─── Data extract

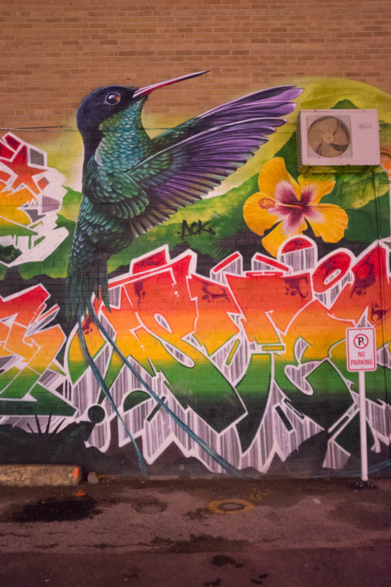 Hummingbird mural a sibilant intake of breath
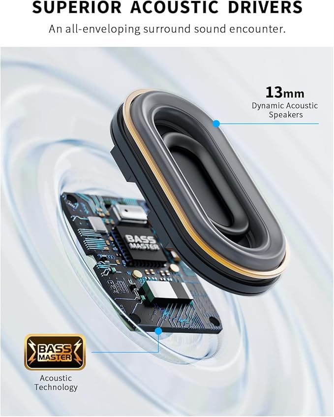 • POWERFUL STEREO SOUND & CLEAR CALLS - These wireless headphones feature a 13mm precision Hi-Fi driver and the"Bass Master" technology designed by CXK, providing rich and immersive sound quality that enables you to distinguish the subtleties in music. The excellent restoration of musical instruments and vocals, along with precise voice capture, ensures clear communication. The CXK Bluetooth bone conduction earbuds allow you to enjoy smooth calls, making the conversation as natural and fluent as a face-to-face chat
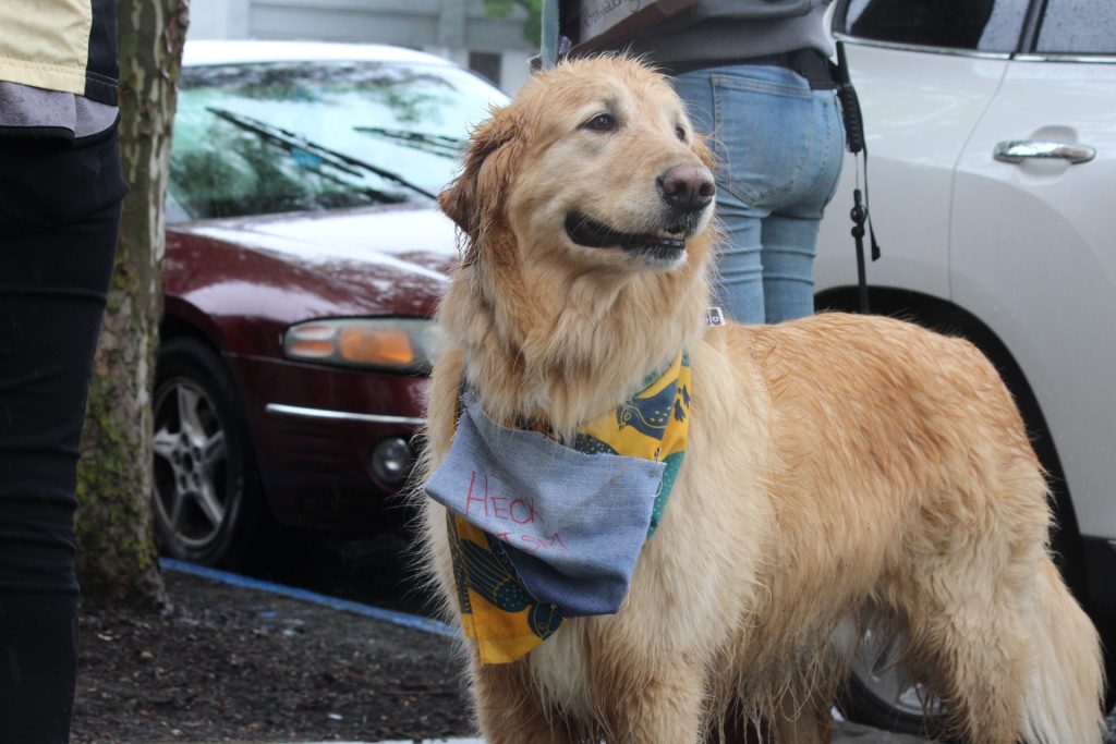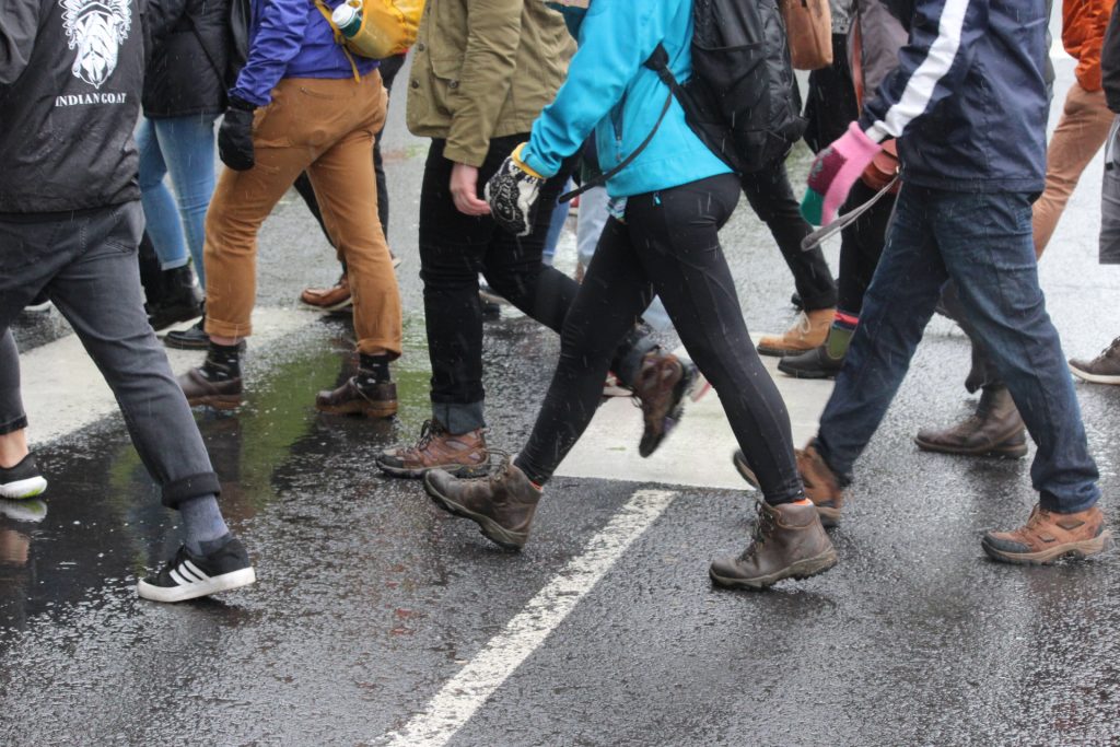 Nearly 70 people donned raincoats and umbrellas while they chanted and marched at the protest’s peak. Tarver said just over 50 people had responded “going” to the Facebook event.

──────

Work item: Return the material exactly as it reads, though without the pictures it holds.

Response to the task:
 Hummingbird mural a sibilant intake of breath
 • POWERFUL STEREO SOUND & CLEAR CALLS - These wireless headphones feature a 13mm precision Hi-Fi driver and the"Bass Master" technology designed by CXK, providing rich and immersive sound quality that enables you to distinguish the subtleties in music. The excellent restoration of musical instruments and vocals, along with precise voice capture, ensures clear communication. The CXK Bluetooth bone conduction earbuds allow you to enjoy smooth calls, making the conversation as natural and fluent as a face-to-face chat
 Nearly 70 people donned raincoats and umbrellas while they chanted and marched at the protest’s peak. Tarver said just over 50 people had responded “going” to the Facebook event.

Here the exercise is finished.